HuggingGPT is a typical example. It regards large language models (LLMs) as a controller to manage existing AI models in different domains and modalities to solve complicated AI tasks. As shwon in the above figure, it uses LLMs to conduct task planning, select appropriate AI models, execute subtasks, and summarize responses. HuggingGPT shows impressive results in various challenging tasks, including language, vision, speech, and other modalities, demonstrating the potential of LLMs in advancing artificial intelligence.
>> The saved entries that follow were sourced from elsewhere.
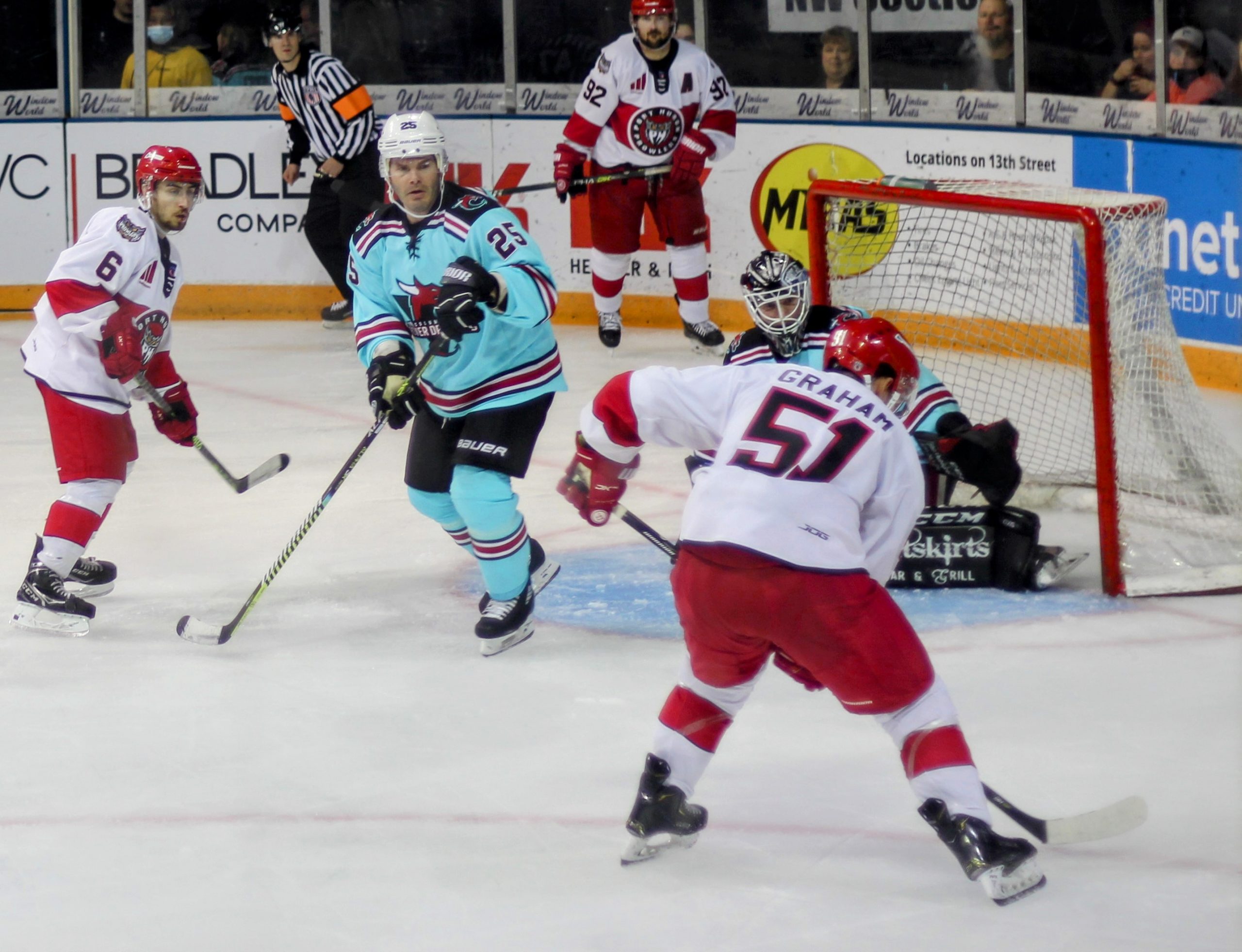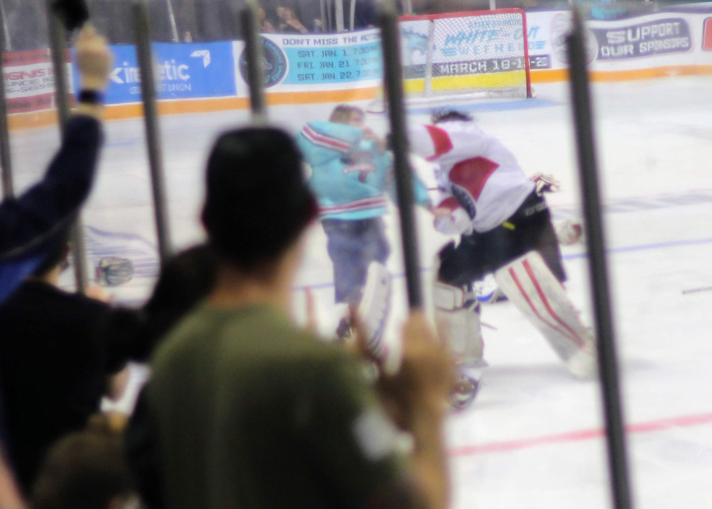 In between the two Dalton Anderson goals there was a dustup that resulted in five ejections and multiple fights including the starting netminders trading punches. After a delayed penalty against Quentin Roseboom for cross checking, Paul Fregeau and Jay Croop took exception and took penalties themselves to turn it in to a 5-on-3 for Port Huron, and those were just the minor penalties. Fregeau then dropped the gloves with Justin Barr and about 20 seconds in to their fight, the crowds eyes shifted to Bailey MacBurnie and Richard Shipman (who had come in relief in the first period for Greg Harney) who began circling and looking to scrap. A quick fight and knockdown saw both goalies escorted off the ice, but we still weren’t done with the fights, as Justin Schmit and Joe Pace ended their nights with a fight after original altercation game misconducts being thrown their way when they dropped the gloves one more time in the series.
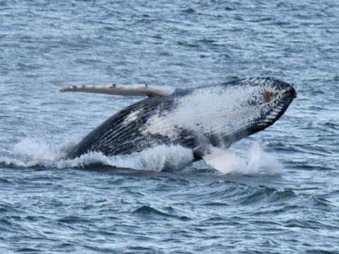 This morning featured minke whales feeding beneath diving seabirds, a brief sighting of harbour porpoises and playful white-beaked dolphins bow-riding near the boat. The afternoon brought spectacular action from five humpback whales, including surface lunges, fluke dives and peduncle throws! The evening tours ended up being cancelled due to weather.
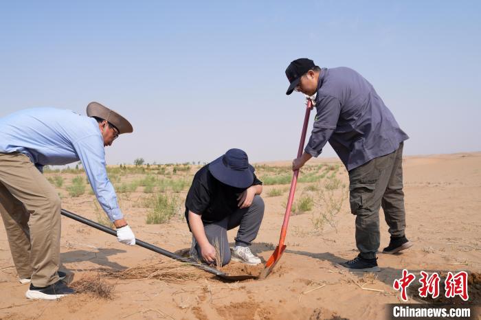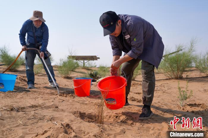 5月25日,在內蒙古阿拉善烏蘭布和生態教導示范基地,觀賞者體驗戈壁植樹。中新社記者 張祥毅 攝
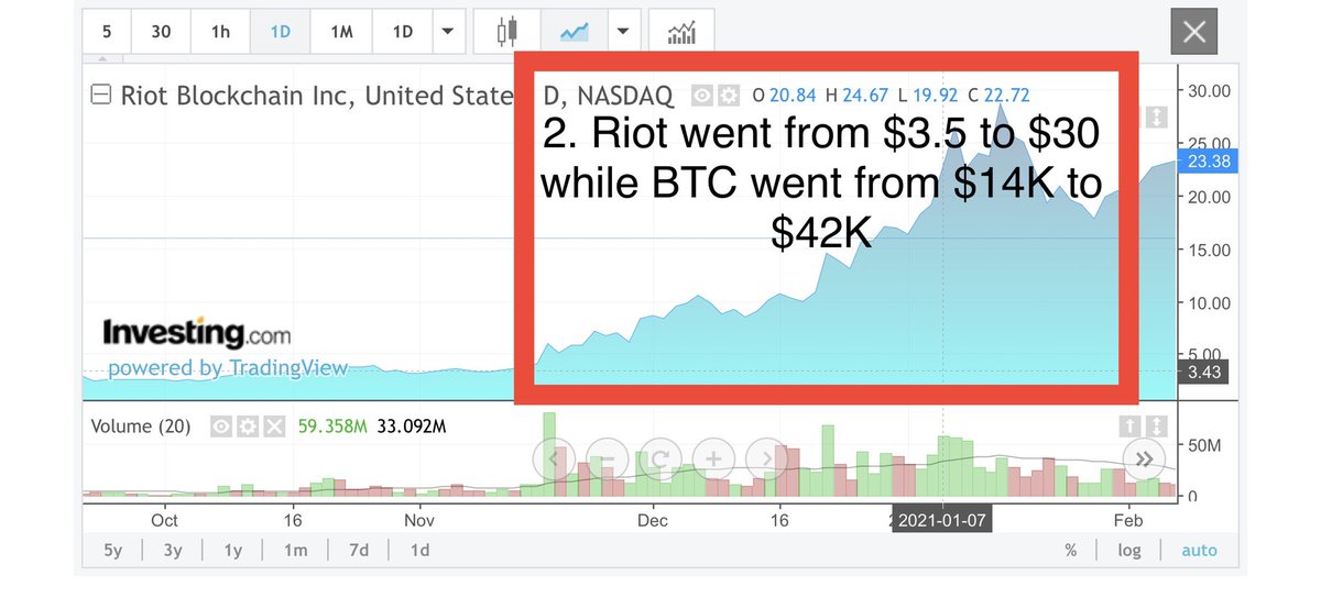 1. Riot dropped from $4 to $2.5 while BTC went from $11K to $22K during the same period Aug-Oct 2020. Everyone were saying WTF and many people sold. Turns out this was the first accumulation phase by hedge funds.
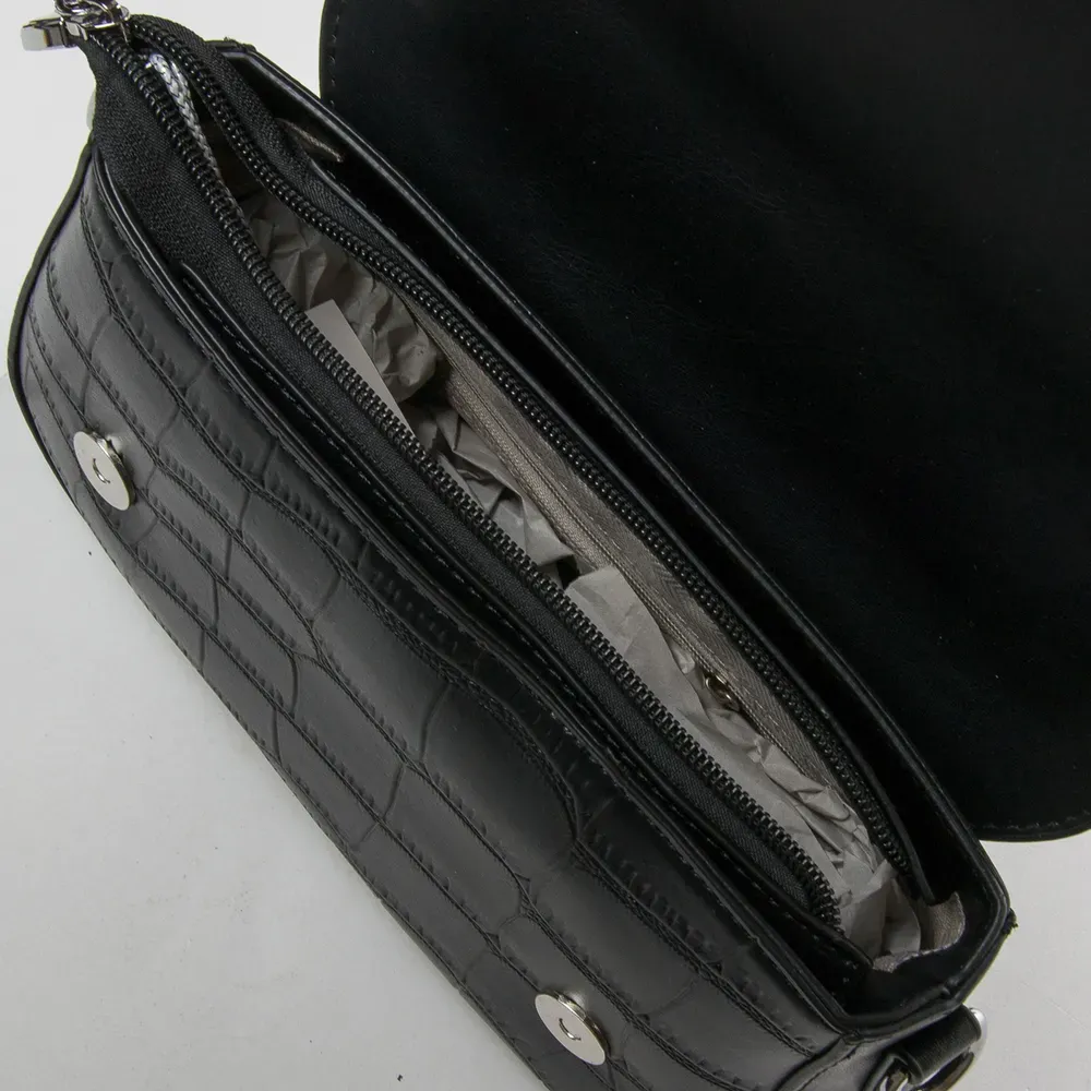 Женская сумочка Fashion. Клапан закрывается на магнитную кнопку. Внутри под молнией находится одно отделение с боковым открытым карманом и карманом на молнии.
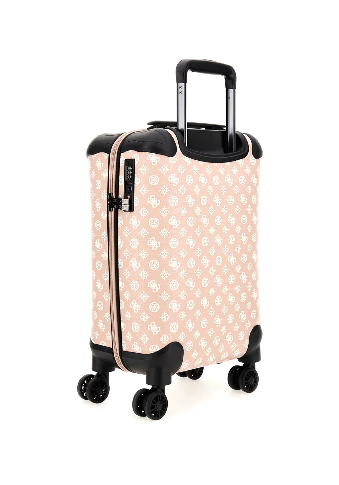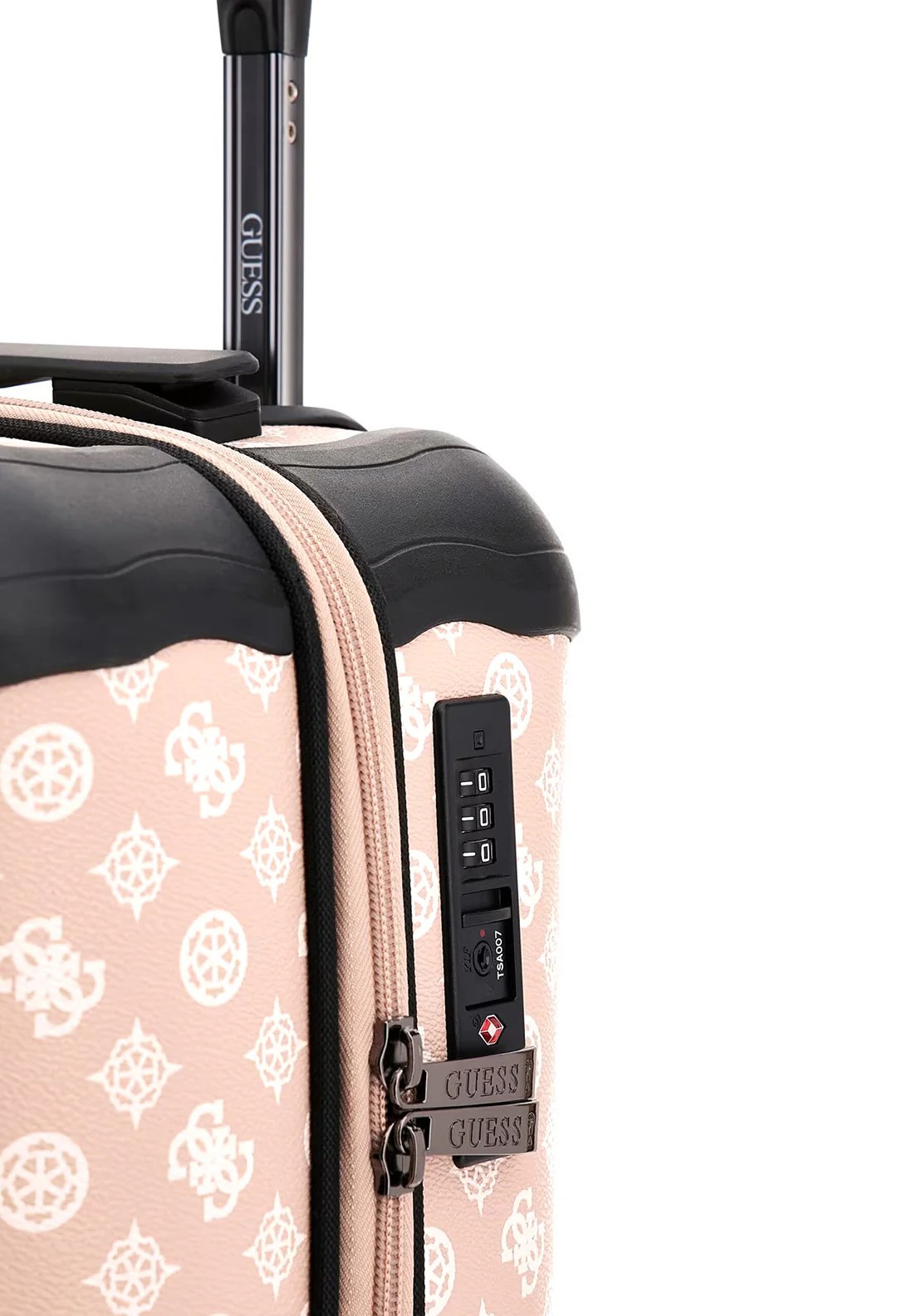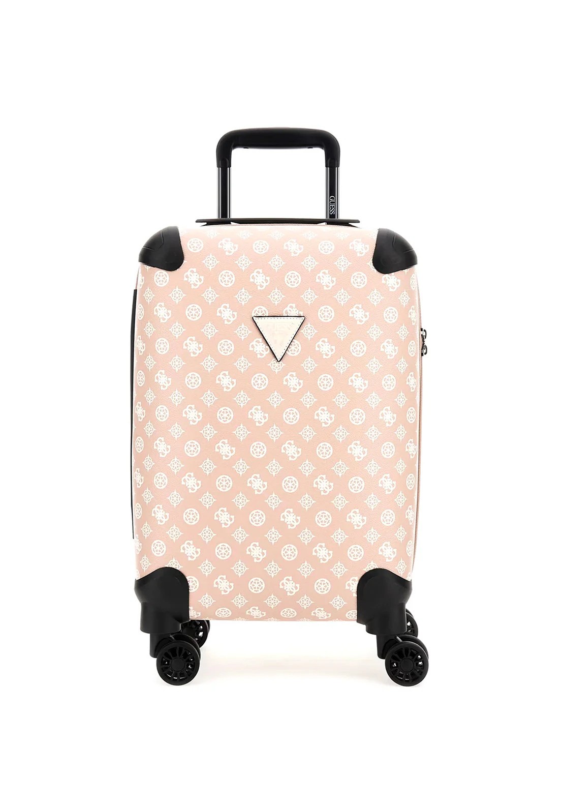 Con un estampado 4G y un logotipo de peonía, una cerradura de combinación, bolsillos internos con cierre, un forro con logotipo personalizado y un logotipo triangular en el frente, esta elegante maleta de material sintético con cierre de cremallera y herrajes negros cuenta con cuatro ruedas de flujo libre para una mejor movilidad.
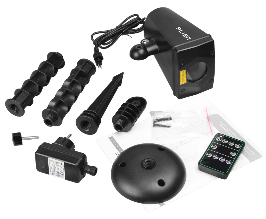 Proyector láser blanco * 1, control remoto * 1 (batería no incluida), adaptador (IP44) * 1, Estaca de tierra * 1, conector * 1, base * 1, extensor * 2, manual del usuario * 1

Technically, HuggingGPT is a task-agnostic autonomous agent framework. Many such agent frameworks have been proposed recently, such as ChatGPT Plugins, AgentGPT, Visual-ChatGPT, TaskMatrix.AI, AutoGPT, BabyAGI, autolang, CAMEL, HyperWriter AI, Codewand, which some people argue are the step towards Artificial General Intelligence (AGI). In these frameworks, the LLM runs an AI chain to understand user input, divide and conquer the task, plan task sub-steps, map task steps to appropriate models, tools and APIs, coordinate the task execution, and aggregate the results from various steps. AutoGPT, BabyAGI also demonstrate the ability to iteratively generate intermediate prompts. As such, AI can deal with much more complex tasks.

AI Chain Programming Support

AI Chains: Transparent and Controllable Human-AI Interaction by Chaining Large Language Model Prompts

AI Chain Visual Programming

This paper proposes to use visual programming to chain Large Language Model (LLM) steps together as a method to enhance the effectiveness of LLMs on complex tasks, while improving transparency, controllability and sense of collaboration. The paper defines a set of LLM primitive operations and presents an interactive system where users can create and modify these chains in a modular way (such as step b1/b2/b3 in the above figure). A user study found that chaining improved task outcomes, and users developed new ways of interacting with LLMs. The paper presents three case studies to explore how LLM chains can be used travel flashcard creation, visualization code debugging, and assisted text entry. The authors have published a series of works on the AI chain benefits, challenges and tool supports (see also their papers PromptMaker and PromptChainer).

LangChain Python Framework

LangChain Documentation

In addition to end-user oriented visual programming, several agent programming frameworks have also been proposed, such as Dust, Primer, and the most popular one, LangChain, targeting at AI engineers and software developers. These frameworks encapsulate raw LLM and data APIs into explicit high-level concepts such as chains, agents, prompts, models, indexes, and streamline the model and data interactions, thus facilitating the development of task-specific AI chains and autonomous agent frameworks.